- **Task goal**: Would you please restate the data exactly as it stands, apart from the pictures?

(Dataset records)
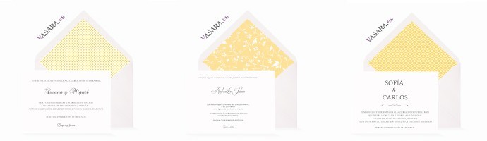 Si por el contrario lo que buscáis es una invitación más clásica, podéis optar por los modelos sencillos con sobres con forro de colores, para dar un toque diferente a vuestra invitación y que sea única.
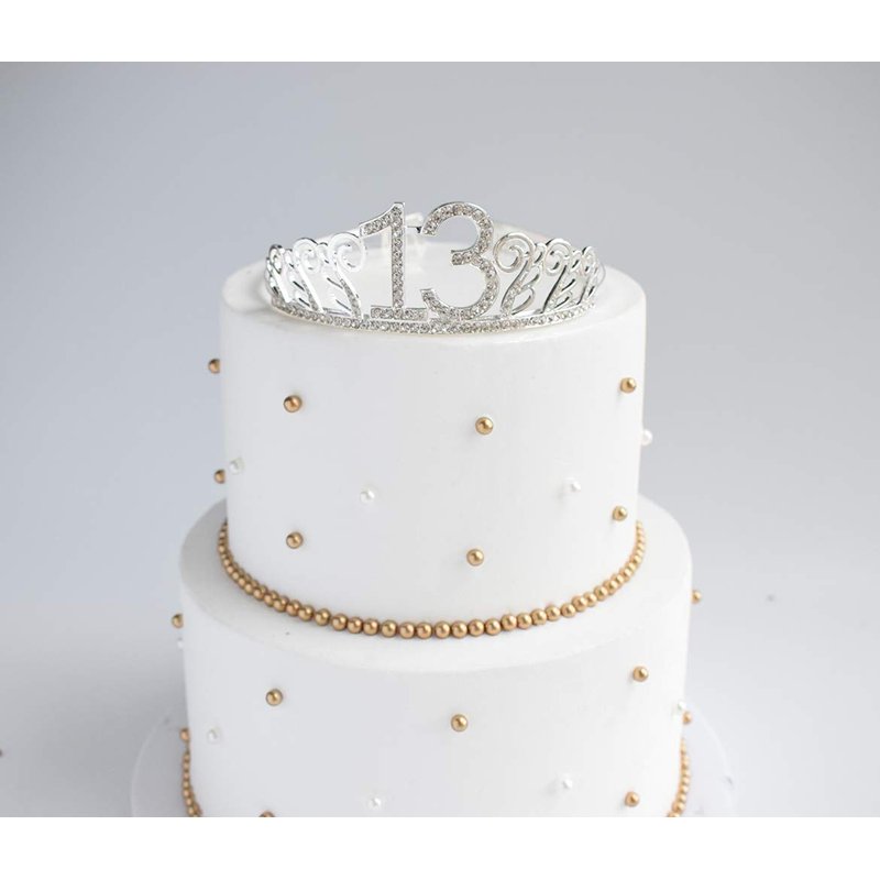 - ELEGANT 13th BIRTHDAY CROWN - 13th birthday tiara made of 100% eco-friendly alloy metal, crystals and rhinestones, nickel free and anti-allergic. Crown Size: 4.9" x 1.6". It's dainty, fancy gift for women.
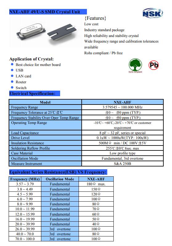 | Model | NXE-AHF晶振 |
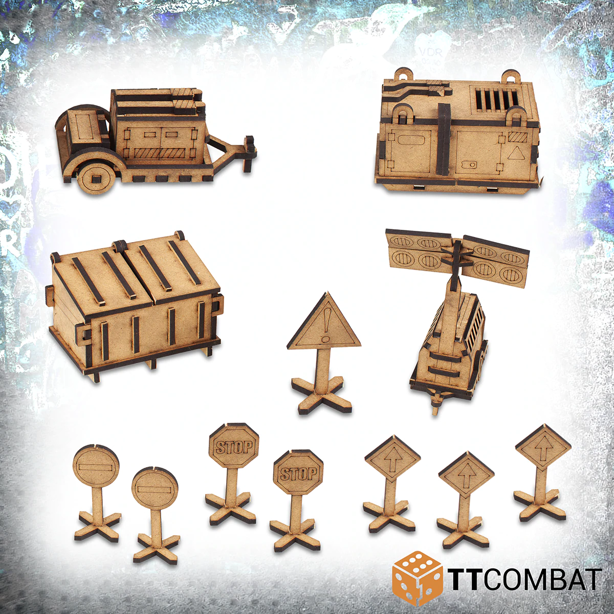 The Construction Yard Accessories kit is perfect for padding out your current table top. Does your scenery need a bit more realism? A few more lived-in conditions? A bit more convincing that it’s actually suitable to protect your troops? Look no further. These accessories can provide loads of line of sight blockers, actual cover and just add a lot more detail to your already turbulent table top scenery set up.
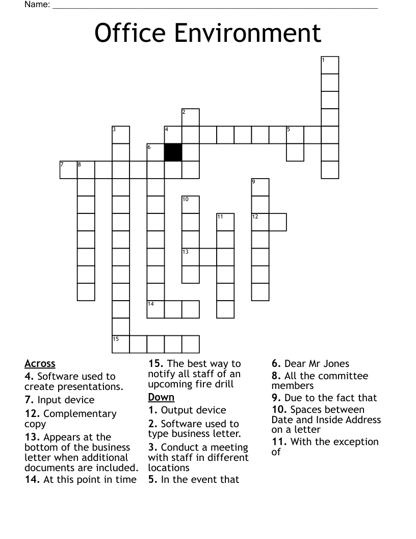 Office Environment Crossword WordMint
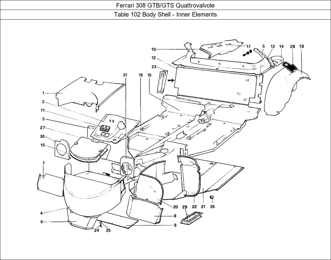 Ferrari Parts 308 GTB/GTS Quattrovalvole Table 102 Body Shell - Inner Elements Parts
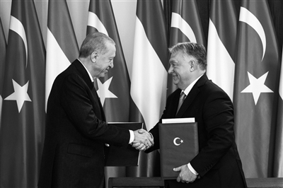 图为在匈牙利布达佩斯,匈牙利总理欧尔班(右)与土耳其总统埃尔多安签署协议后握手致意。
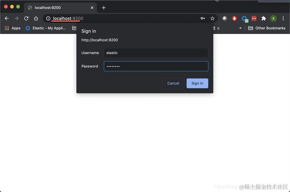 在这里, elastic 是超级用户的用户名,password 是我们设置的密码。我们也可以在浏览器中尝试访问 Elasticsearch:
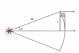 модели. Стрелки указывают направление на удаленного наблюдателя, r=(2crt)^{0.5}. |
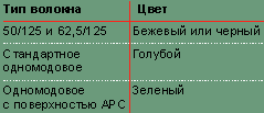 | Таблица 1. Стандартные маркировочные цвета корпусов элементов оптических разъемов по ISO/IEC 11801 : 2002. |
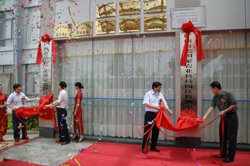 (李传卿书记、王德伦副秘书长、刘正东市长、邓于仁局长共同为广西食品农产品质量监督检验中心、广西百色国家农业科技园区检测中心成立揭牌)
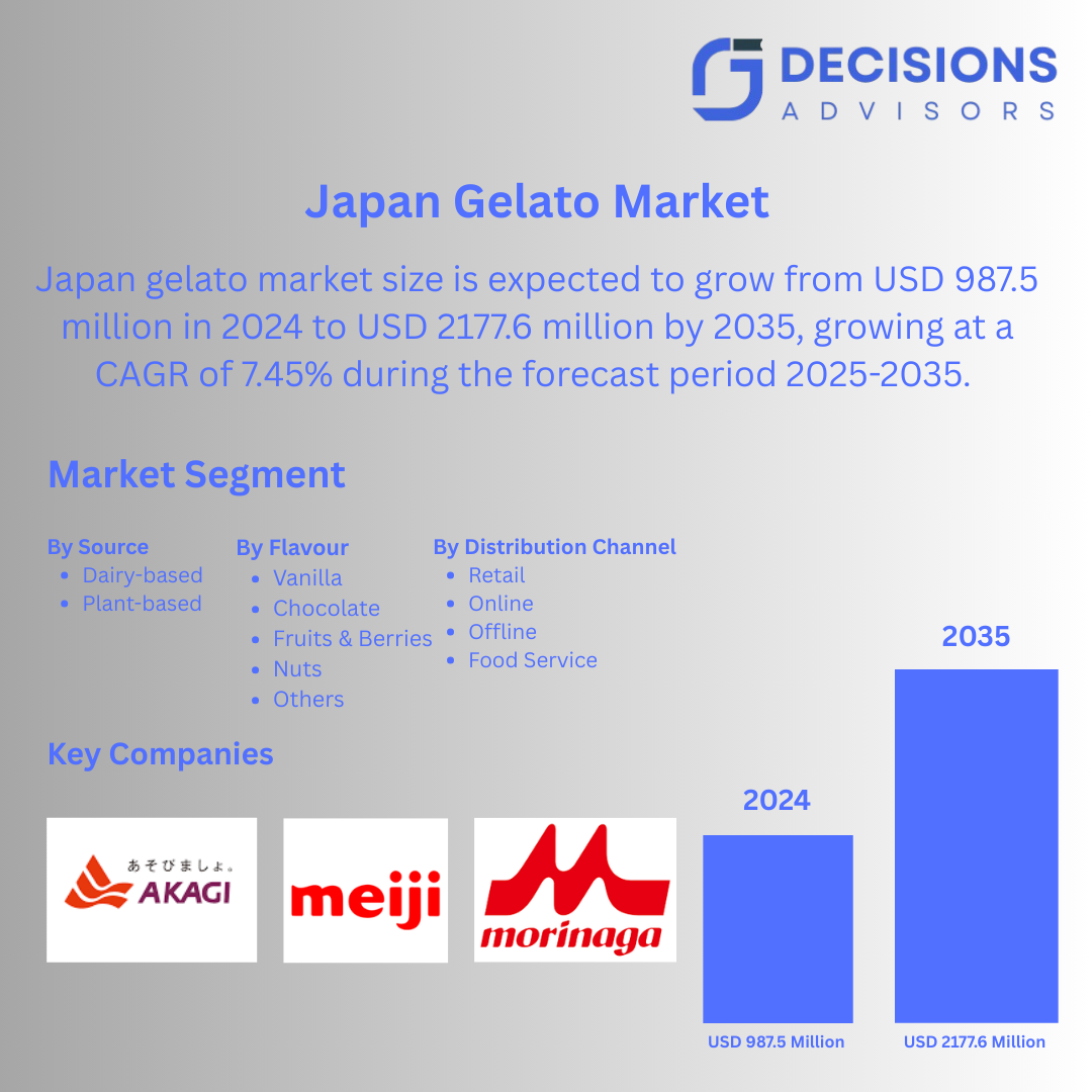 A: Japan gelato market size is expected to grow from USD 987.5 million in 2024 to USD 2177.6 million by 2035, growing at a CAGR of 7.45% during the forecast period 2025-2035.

- **Exercise solution**:
 Si por el contrario lo que buscáis es una invitación más clásica, podéis optar por los modelos sencillos con sobres con forro de colores, para dar un toque diferente a vuestra invitación y que sea única.
 - ELEGANT 13th BIRTHDAY CROWN - 13th birthday tiara made of 100% eco-friendly alloy metal, crystals and rhinestones, nickel free and anti-allergic. Crown Size: 4.9" x 1.6". It's dainty, fancy gift for women.
 | Model | NXE-AHF晶振 |
 The Construction Yard Accessories kit is perfect for padding out your current table top. Does your scenery need a bit more realism? A few more lived-in conditions? A bit more convincing that it’s actually suitable to protect your troops? Look no further. These accessories can provide loads of line of sight blockers, actual cover and just add a lot more detail to your already turbulent table top scenery set up.
 Office Environment Crossword WordMint
 Ferrari Parts 308 GTB/GTS Quattrovalvole Table 102 Body Shell - Inner Elements Parts
 图为在匈牙利布达佩斯,匈牙利总理欧尔班(右)与土耳其总统埃尔多安签署协议后握手致意。
 在这里, elastic 是超级用户的用户名,password 是我们设置的密码。我们也可以在浏览器中尝试访问 Elasticsearch:
 модели. Стрелки указывают направление на удаленного наблюдателя, r=(2crt)^{0.5}. |
 | Таблица 1. Стандартные маркировочные цвета корпусов элементов оптических разъемов по ISO/IEC 11801 : 2002. |
 (李传卿书记、王德伦副秘书长、刘正东市长、邓于仁局长共同为广西食品农产品质量监督检验中心、广西百色国家农业科技园区检测中心成立揭牌)
 A: Japan gelato market size is expected to grow from USD 987.5 million in 2024 to USD 2177.6 million by 2035, growing at a CAGR of 7.45% during the forecast period 2025-2035.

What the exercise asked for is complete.